I want to add here that the Quran instructs that when mentioning the Prophet’s name, one should also wish peace be upon him.  When writing about him, Muslims often employ a shortcut using the letters “pbuh”.  For my purposes, please assume I wish peace be upon the Prophet every time I say his name this morning.  In doing so, both I, and you, pay him and Islam our respect.

Muhammad said that greeting one another with “peace be upon you” is a way to immediately put an encounter on good terms whereby no anger exists between two parties.  All meetings, even between enemies, is begun on an equal footing of friendship and forgiveness.  Even further, Allah forgives those who do his or her part to spread such peace.

When asked by a follower which of all Muslim teachings are the two most important to follow, Muhammad replied that the highest commands are first, to feed the hungry…………and, second, to say salaam to those you know, and those you don’t know.  In doing these things, he said, a Muslim will prove that he or she truly loves both Allah and other people.

I find it remarkable how similar Muhammad’s teaching on salaam is to Jewish and Christian values.   In truth, similar core beliefs among most world religions is not surprising.  While most sacred texts, including the Quran and the Bible, include verses which by themselves oppose other religious beliefs, the core teachings of most religious Prophets are the same.  Whatever one might call “God”, she or he is a force of love.  He or she calls people to be charitable to one another.   And, importantly, the God force at work in the universe is one of peace and not of violence.

It’s for this reason that Unitarian Universalism is so crucial in today’s world.  Whether or not people belong to the denomination, its respect for and celebration of all religions is a model to follow.  “One Truth, Many Paths” is more than just our UU slogan.  It’s a statement that celebrates religious diversity while acknowledging all faiths have valuable insights. 

My message series which I began on Easter is focused on this concept.  And I use the painting hanging above our chalice table as my inspiration.  On it, all of history’s great prophets are dancing together to the same universal tune.  It’s a fanciful idea but one that, as I said, is essential to the well-being of humanity.  Instead of religious wars and hatreds, people must seek after the heart of what is universally true and good.  Whether one worships Jesus, Allah, Yahweh, Braman or a science based Unifying Theory, each one is a force for love and peace.

And Muhammad, as a Prophet, taught and modeled those ideals.  In ranking the most influential persons in history, Muhammad is in the top three.  The revelations he received became the Quran and the foundation of Islam – now the fastest growing faith in the world and one that will soon become the largest.  While Muslims see Muhammad as the human messenger of God, he was more than that.  He was a spiritual, political and moral genius – a man who almost single-handedly changed the course of human events.  He was also a remarkably gentle man who chose the ways of peace whenever possible.

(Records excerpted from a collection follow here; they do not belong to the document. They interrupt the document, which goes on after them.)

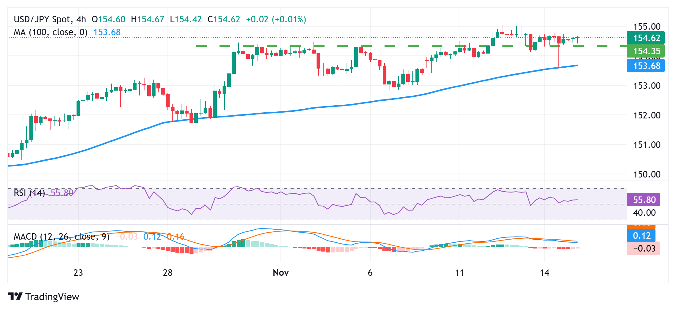 日本央行(JPY)在周一早盘的欧洲时段中,面对普遍走强的美元(USD)保持其卖盘基调,并接近上周触及的九个月低点。今天早些时候发布的政府数据显示,日本经济在7月至9月期间首次出现六个季度的收缩。这是在日本首相高市早苗的财政刺激计划和对超宽松货币政策的支持背景下,削弱了市场对日本央行(BoJ)加息的押注,并削弱了日元(JPY)。另一方面,美元受益于市场对美联储(Fed)在12月再次降息的押注减少,帮助美元/日元(USD/JPY)维持在154.45-154.50的阻力区上方。 标题:日元持续疲软;美元/日元在更强美元的推动下接近九个月高位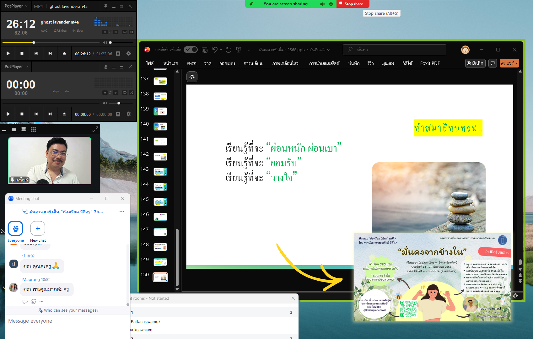 จบลงหัวข้อที่ 3 ของการอบรม “ห้องเรียน วิถีครู” รุ่นที่ 7 ออนไลน์ในเนื้อหา “มั่นคงจากข้างใน” เมื่อบ่ายวันที่ 13 – 14 ธันวาคม 2568 ขอบคุณผู้เรียนทั้ง 23 คนที่ได้ร่วมกิจกรรมและแลกเปลี่ยนกันในครั้งนี้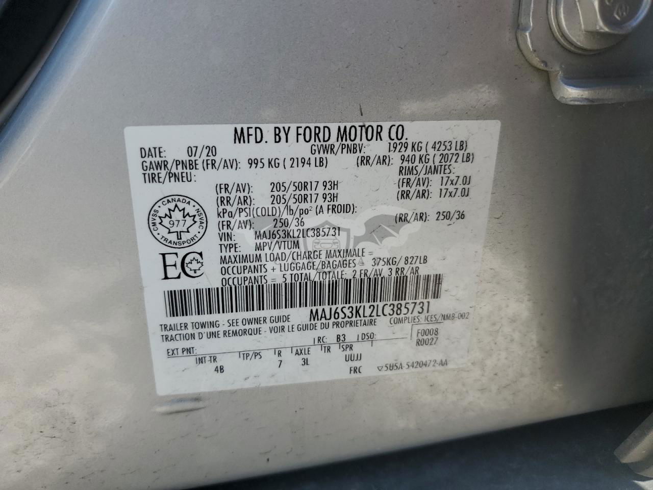 • VIN: MAJ6S3KL2LC385731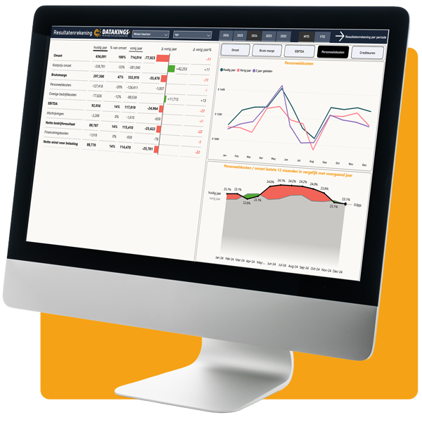 Met Datakings koppel je al je databronnen in één helder dashboard. Je krijgt realtime inzicht, voorkomt dubbel werk en werkt met betrouwbare cijfers. Eindelijk grip op je processen, zonder nieuwe software te hoeven aanschaffen.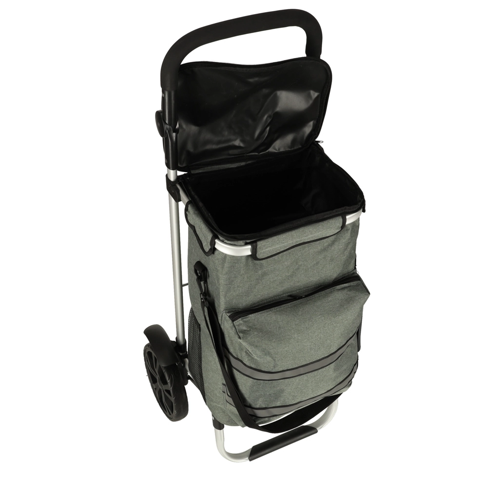 Dank der großen Thermotasche ist dieser Wagen ideal für den Transport von gekühlten Lebensmitteln.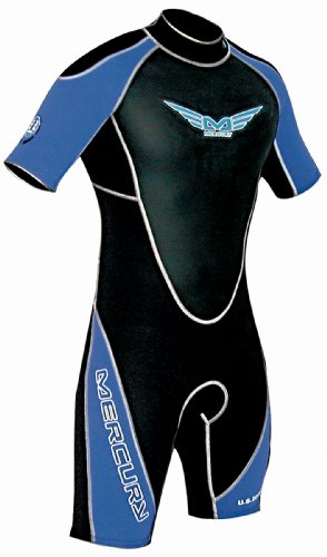 This U.S. Divers' Mercury wetsuit--made of the highest-quality materials available--offers a superior combination of fit, performance, and style. The "shorty" suit is distinguished by its short-sleeve arms and legs and its titanium-blend 3 mm chest panels, which reflect heat back to the body to keep divers and surfers warm in cool currents. The suit also features 2 mm side panels and super-stretch panels under the arms, both of which give the wearer added flexibility whether twisting to the side or reaching upward. And thanks to the neoskin seals on the neck, legs, and wrists, the suit seals out water with aplomb. Other details include flat-lock stitching for extra comfort, a heavy-duty corrosion-free #10 YKK zipper on the back, and a pull chord with a double-tap hook and loop tie down to keep the suit fully sealed. The Mercury shorty suit is backed by a two-year limited warranty.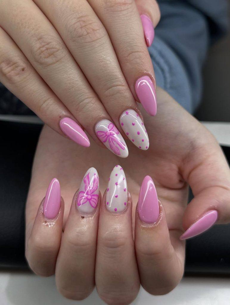 26. Soft Pink Polka Bow Almond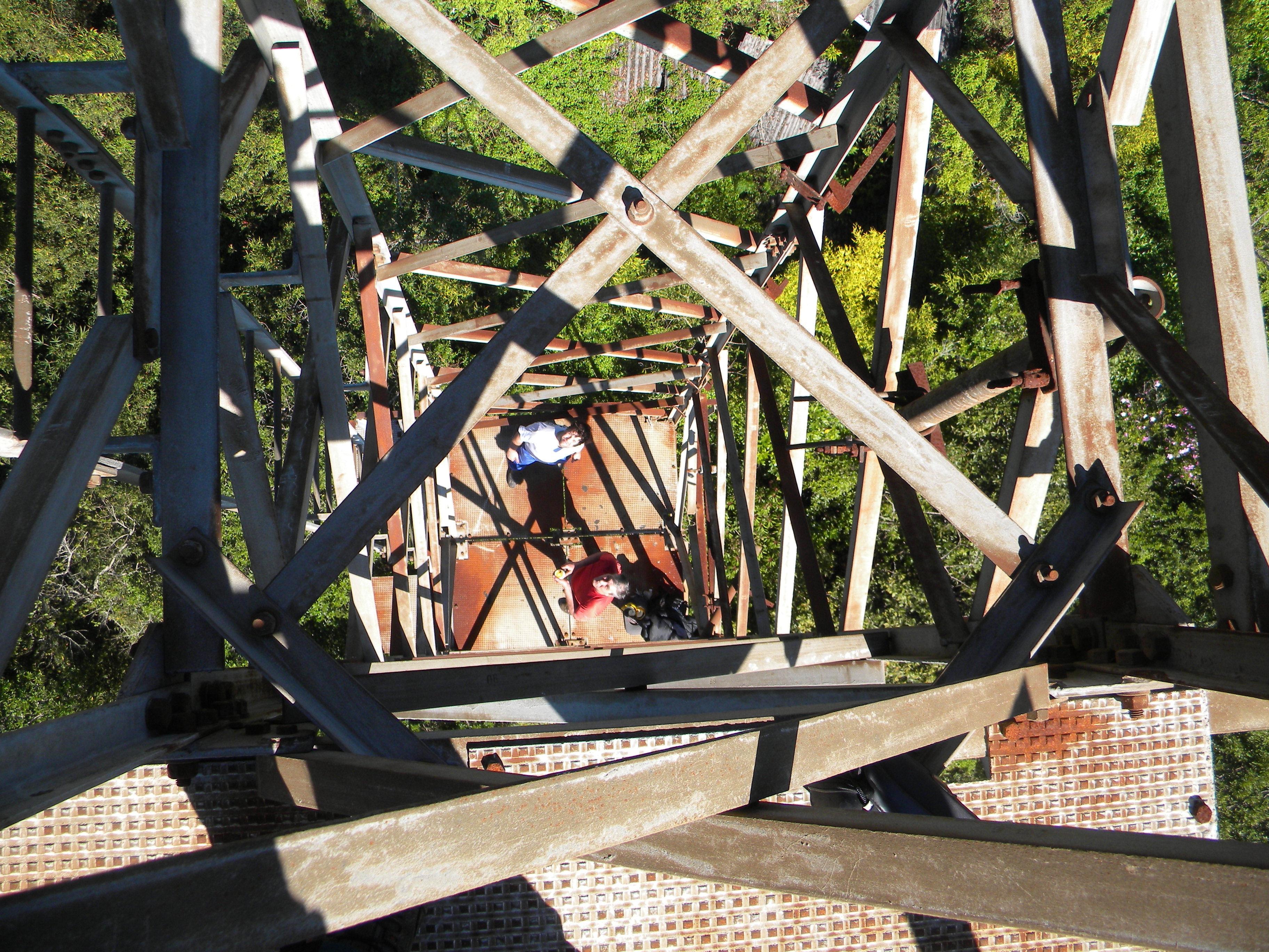 Novamente a secura do ar e o calor sufocante nos maltrata e nas poucas paradas perdemos até a pose de machões, uns catando os carrapatos dos outros. Oito ou dez por perna. Filas de micuins nas camisetas esperando sua vez de subir para as dobras da barriga. As cinco batemos o ponto debaixo da antena e o Jean, sem lanterna, picou a mula estrada abaixo para descer rapidinho aproveitando a luz do dia. As seis ficou tudo preto e acabou a pressa. Sentados num tronco passamos o chapéu para recolher cada gota d’água que ainda existisse no fundo das pets para reunir pouco mais de meio litro e fazer um suquinho de pacote e dar o último gole.
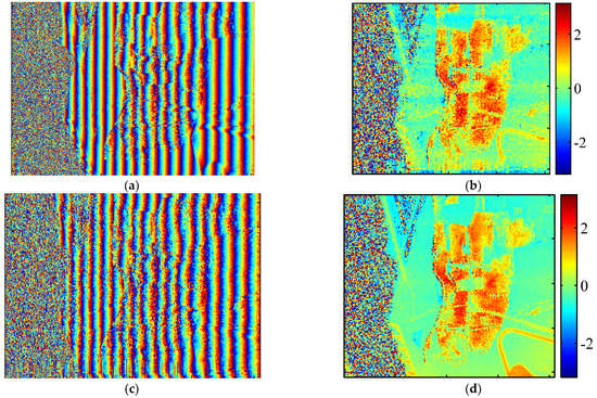To examine the relationship between the forest and the scattering phase, the interferometric phase images of different sub-views of HV channel images were obtained from the complex PolInCCs. Before this operation, one of the most significant steps was to calibrate the attitude error, mainly caused by the roll angle, in terms of the inertial navigation system (INS). Without this procedure, the interferometric phase fringe would be severely bent, although the ground in the forest area is flat, thus resulting in great errors in the final forest height estimation. After the attitude calibration, the interferometric phase fringe of the sub-views images was nearly straight along the azimuth in the images in terms of the flat ground context. Figure 8 shows the phase fringes of different sub-views of the HV channel, and the phase results of different sub-views obtained after removing the flatting effect. Based on the phase fringe maps, we can see that, on the left side of the map, the phase was almost noise. Because the scene on the left side was the yellow river, the decorrelation effect was very remarkable in the torrents.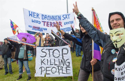 Mii de protestatari au format un lanţ uman la o bază aeriană americană, în vestul Germaniei, în semn de protest faţă de atacurile cu avioane fără pilot, relatează The Associated Press.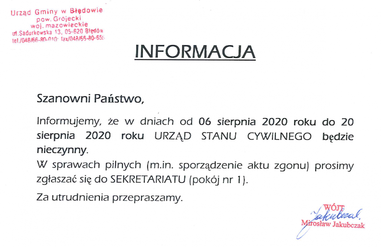 Informacja - w dniach od 6 do 20 sierpnia Urząd Stanu Cywilnego w Błędowie będzie nieczynny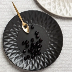 Az elegáns desszerttányér modern fekete színben időtálló formát és karakteres, domborított peremet ötvöz. A minőségi kerámia tartósságot és kényelmes mindennapi használatot biztosít, akár süteményt, desszertet, gyümölcsöt vagy kisebb falatokat szolgál fel.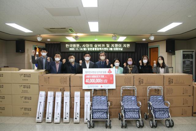 [동양일보 김미나 기자]청주한국병원(병원장 송재승)이 14일 영운동주민센터에서 거동이 불편한 저소득 노인을 위해 써달라며 충북사회복지공동모금회(회장 노영수)에 4000만원 상당의 보행 보조기(실버카, 지팡이)를 전달했다. (사진)

Because that was the way Muhammad lived, the Islam he helped to found is a religion of peace.  Indeed, the word “Islam” comes from two root Arabic words – from the world sa-laam and from the word “slim” which means to submit.  Islam therefore means peaceful submission to Allah and  peace with all humanity no matter one’s race, nationality, gender, economic status or religion. 

Muhammad was born in Mecca, Arabia in 570 CE.  His parents were poor and, at a young age, he was sold as a slave.  While he was later reunited with his mother, poverty and his experience as a child slave had strong influences on his life.   Arabian society at the time was highly stratified with a few wealthy elites having all the power.  To climb from poverty and slavery to be a man of great influence was virtually unheard of.

In his youth, Muhammad was known as a person of integrity and gentleness.  He was often called “al-amin” or, honest and truthful one.  That honesty attracted the interest of a wealthy widow who asked him to be her husband.  This woman, Khadijah, was both older than Muhammad and the owner of a successful business.   Due to marriage, Muhammad became a a rich and powerful man.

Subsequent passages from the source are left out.